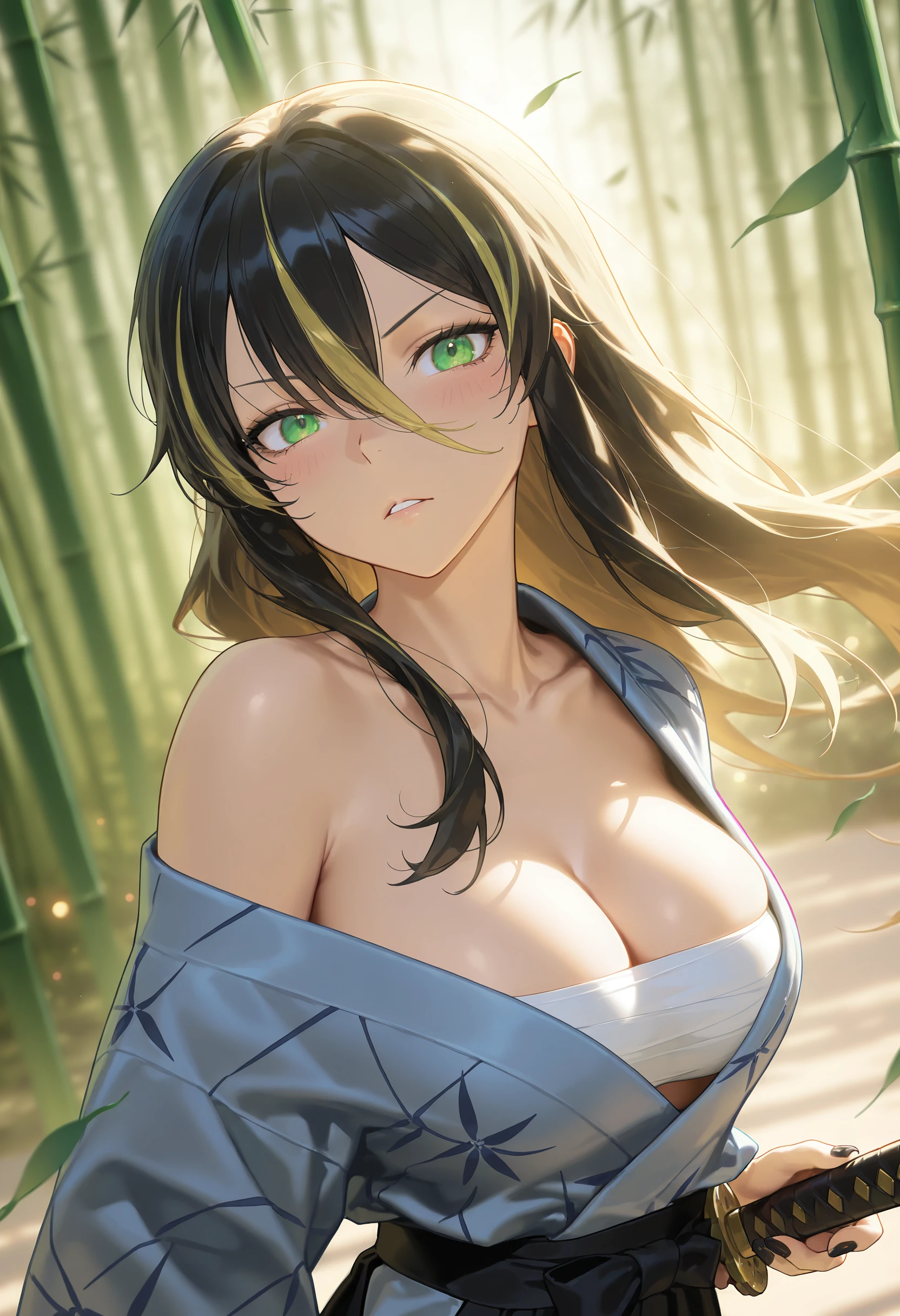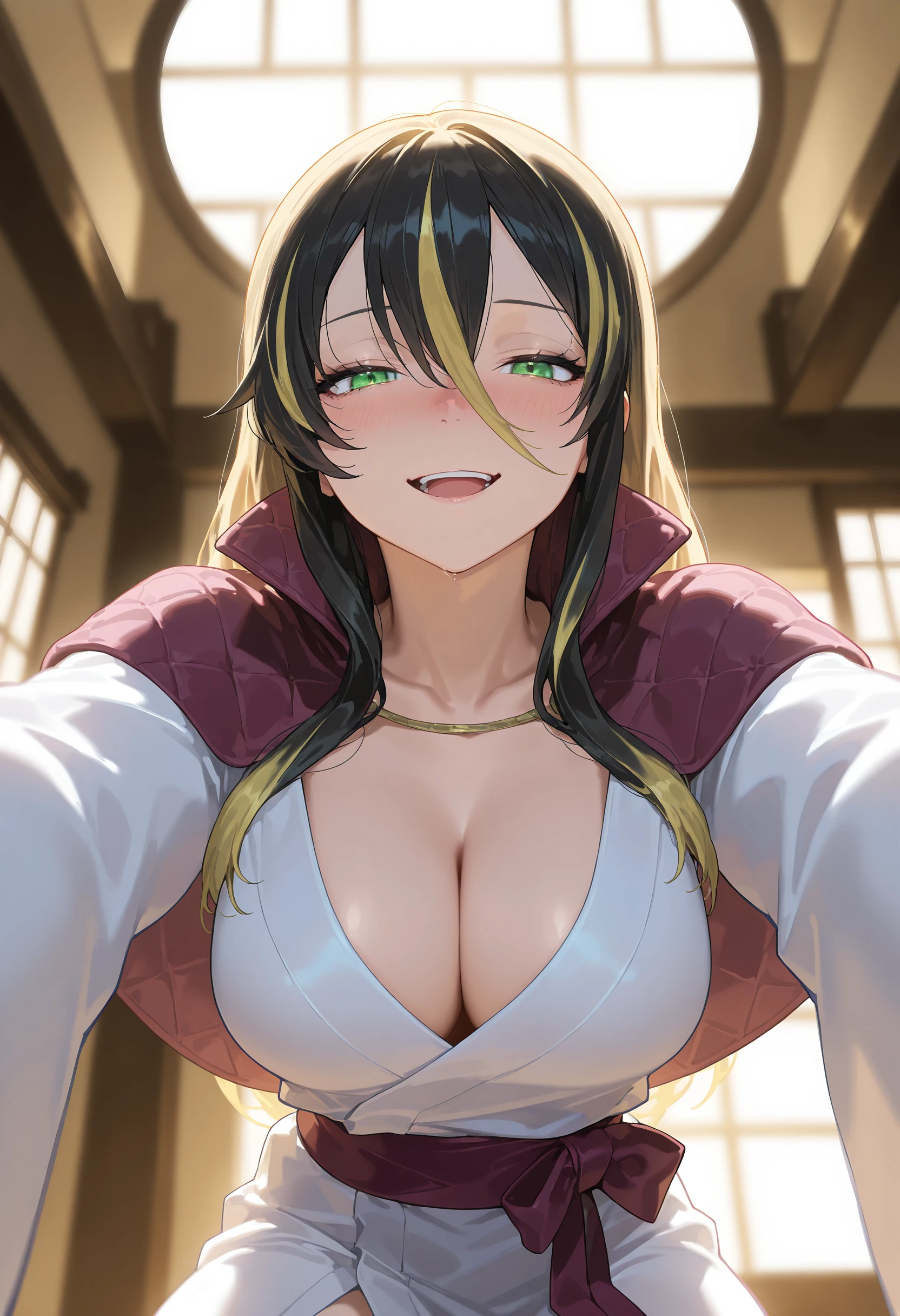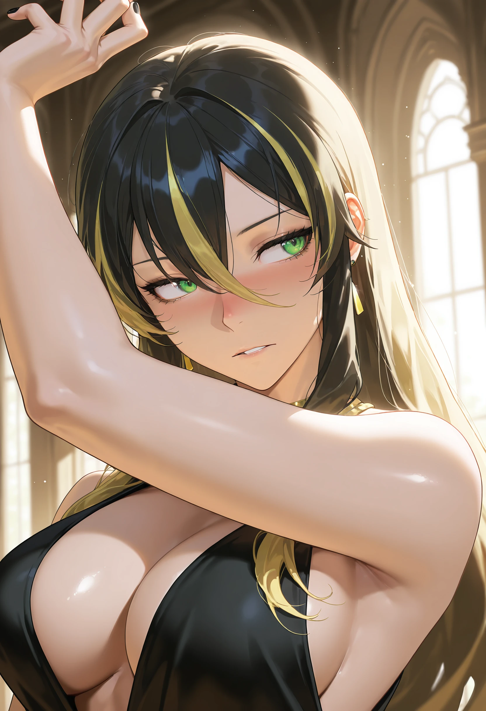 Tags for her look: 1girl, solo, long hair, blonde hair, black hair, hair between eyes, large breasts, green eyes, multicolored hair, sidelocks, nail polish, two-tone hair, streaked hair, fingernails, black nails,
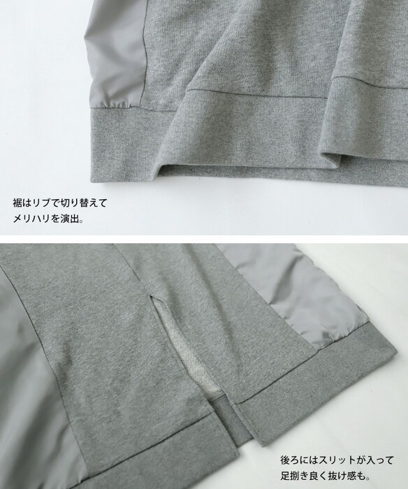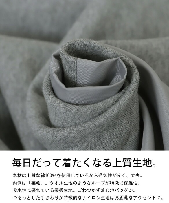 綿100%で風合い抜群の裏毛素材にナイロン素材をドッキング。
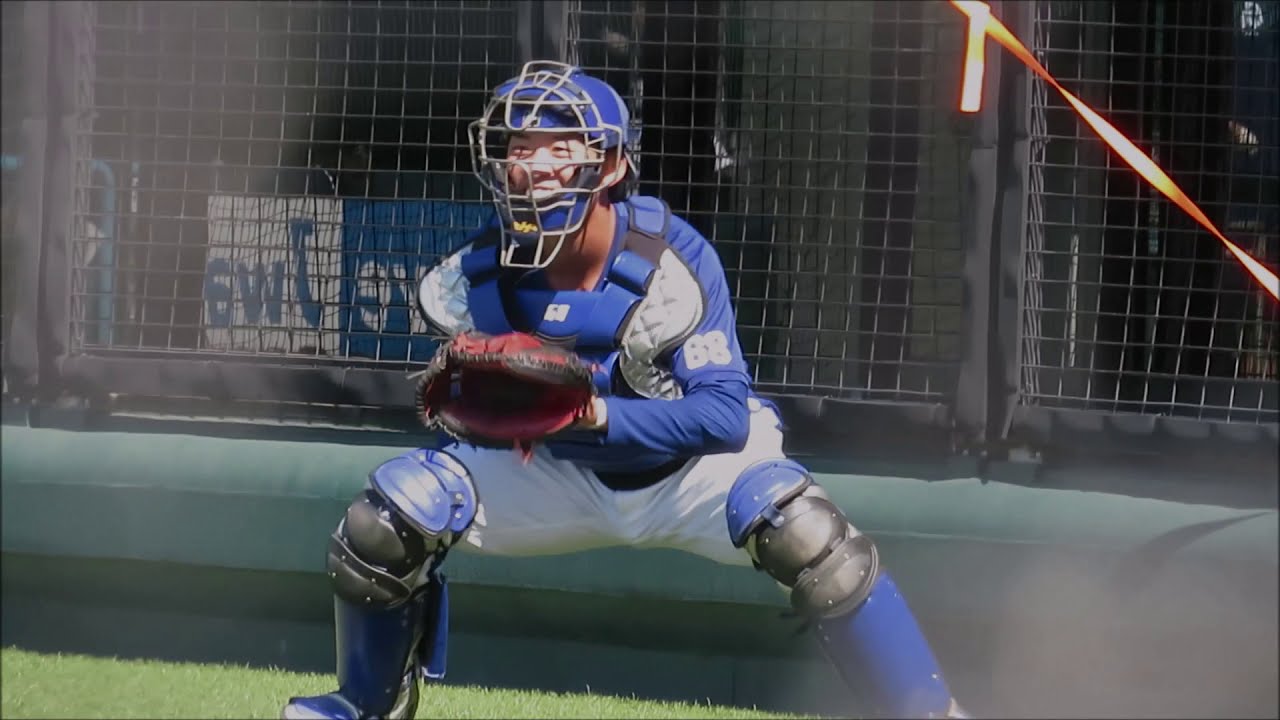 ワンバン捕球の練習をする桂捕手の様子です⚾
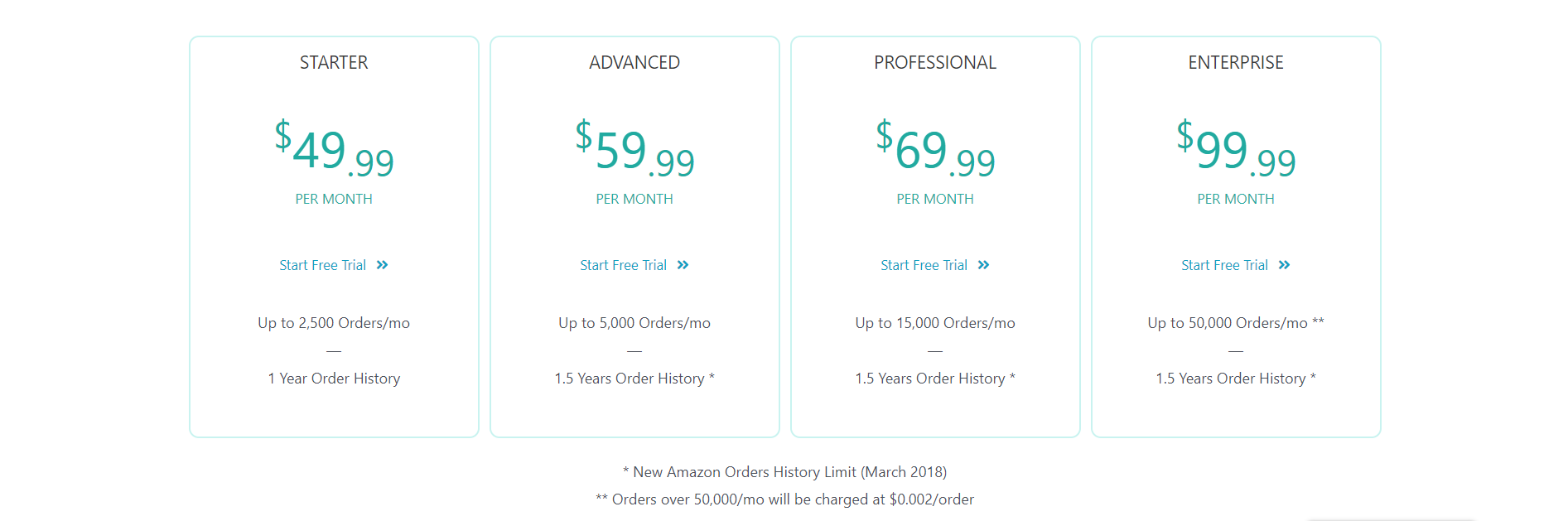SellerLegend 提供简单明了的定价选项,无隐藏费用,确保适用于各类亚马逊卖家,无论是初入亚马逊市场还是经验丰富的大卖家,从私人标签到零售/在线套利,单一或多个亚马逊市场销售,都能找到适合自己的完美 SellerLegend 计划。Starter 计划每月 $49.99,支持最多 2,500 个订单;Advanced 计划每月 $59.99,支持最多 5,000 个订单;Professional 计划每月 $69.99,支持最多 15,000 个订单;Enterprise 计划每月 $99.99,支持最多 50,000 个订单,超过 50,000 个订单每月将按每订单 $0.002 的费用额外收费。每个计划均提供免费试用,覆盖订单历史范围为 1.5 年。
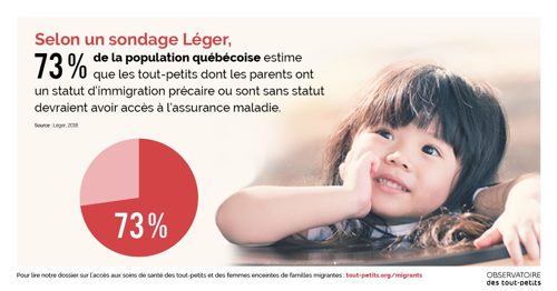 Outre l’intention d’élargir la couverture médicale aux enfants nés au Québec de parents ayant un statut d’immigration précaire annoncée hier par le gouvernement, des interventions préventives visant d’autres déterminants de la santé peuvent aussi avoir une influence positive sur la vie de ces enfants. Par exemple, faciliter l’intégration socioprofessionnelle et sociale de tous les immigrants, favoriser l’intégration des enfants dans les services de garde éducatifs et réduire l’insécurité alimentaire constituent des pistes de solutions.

▶ WORK INSTRUCTION
Copy the listing exactly. Leave the pictures out.

▶ ANSWER SECTION
 Tags for her look: 1girl, solo, long hair, blonde hair, black hair, hair between eyes, large breasts, green eyes, multicolored hair, sidelocks, nail polish, two-tone hair, streaked hair, fingernails, black nails,
 綿100%で風合い抜群の裏毛素材にナイロン素材をドッキング。
 ワンバン捕球の練習をする桂捕手の様子です⚾
SellerLegend 提供简单明了的定价选项,无隐藏费用,确保适用于各类亚马逊卖家,无论是初入亚马逊市场还是经验丰富的大卖家,从私人标签到零售/在线套利,单一或多个亚马逊市场销售,都能找到适合自己的完美 SellerLegend 计划。Starter 计划每月 $49.99,支持最多 2,500 个订单;Advanced 计划每月 $59.99,支持最多 5,000 个订单;Professional 计划每月 $69.99,支持最多 15,000 个订单;Enterprise 计划每月 $99.99,支持最多 50,000 个订单,超过 50,000 个订单每月将按每订单 $0.002 的费用额外收费。每个计划均提供免费试用,覆盖订单历史范围为 1.5 年。
 Outre l’intention d’élargir la couverture médicale aux enfants nés au Québec de parents ayant un statut d’immigration précaire annoncée hier par le gouvernement, des interventions préventives visant d’autres déterminants de la santé peuvent aussi avoir une influence positive sur la vie de ces enfants. Par exemple, faciliter l’intégration socioprofessionnelle et sociale de tous les immigrants, favoriser l’intégration des enfants dans les services de garde éducatifs et réduire l’insécurité alimentaire constituent des pistes de solutions.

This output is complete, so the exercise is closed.